§ **Data block**
Content starts
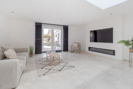 Centraal in de woning bevindt zich de ruime woon- en eetkeuken (18m²), een functioneel ingedeelde ruimte die volledig is uitgerust met hoogwaardige inbouwapparatuur. Hoewel deze ruimte zelf geen ramen heeft, is er sprake van een prettige verbinding met het daglicht uit de achtergelegen kamer/uitbouw. Dankzij de lichtstraat in de uitbouw wordt er veel natuurlijk licht doorgelaten, wat bijdraagt aan een open en lichte sfeer in de keuken.
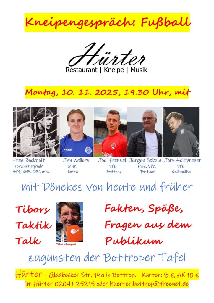 In Fortsetzung der Tradition von Hermanns Heimspiel bei Hürter (Hermann pausiert im Moment) gibt es wieder ein Kneipengespräch über Fußball in der Bottroper Kultkneipe an der Gladbecker Straße.
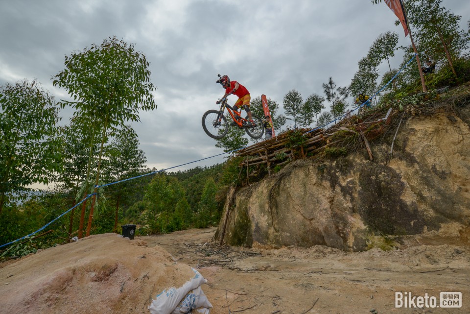 这个垂直的坡并不难,车手先刹车减速,再骑下来就可以。但对于小编来说,这个坡下得尴尬,过程用省略号代替......
Content ends
§ **Exercise aim**
Without the pictures, repeat the listing word for word.

§ **Result of this exercise**
 Centraal in de woning bevindt zich de ruime woon- en eetkeuken (18m²), een functioneel ingedeelde ruimte die volledig is uitgerust met hoogwaardige inbouwapparatuur. Hoewel deze ruimte zelf geen ramen heeft, is er sprake van een prettige verbinding met het daglicht uit de achtergelegen kamer/uitbouw. Dankzij de lichtstraat in de uitbouw wordt er veel natuurlijk licht doorgelaten, wat bijdraagt aan een open en lichte sfeer in de keuken.
 In Fortsetzung der Tradition von Hermanns Heimspiel bei Hürter (Hermann pausiert im Moment) gibt es wieder ein Kneipengespräch über Fußball in der Bottroper Kultkneipe an der Gladbecker Straße.
 这个垂直的坡并不难,车手先刹车减速,再骑下来就可以。但对于小编来说,这个坡下得尴尬,过程用省略号代替......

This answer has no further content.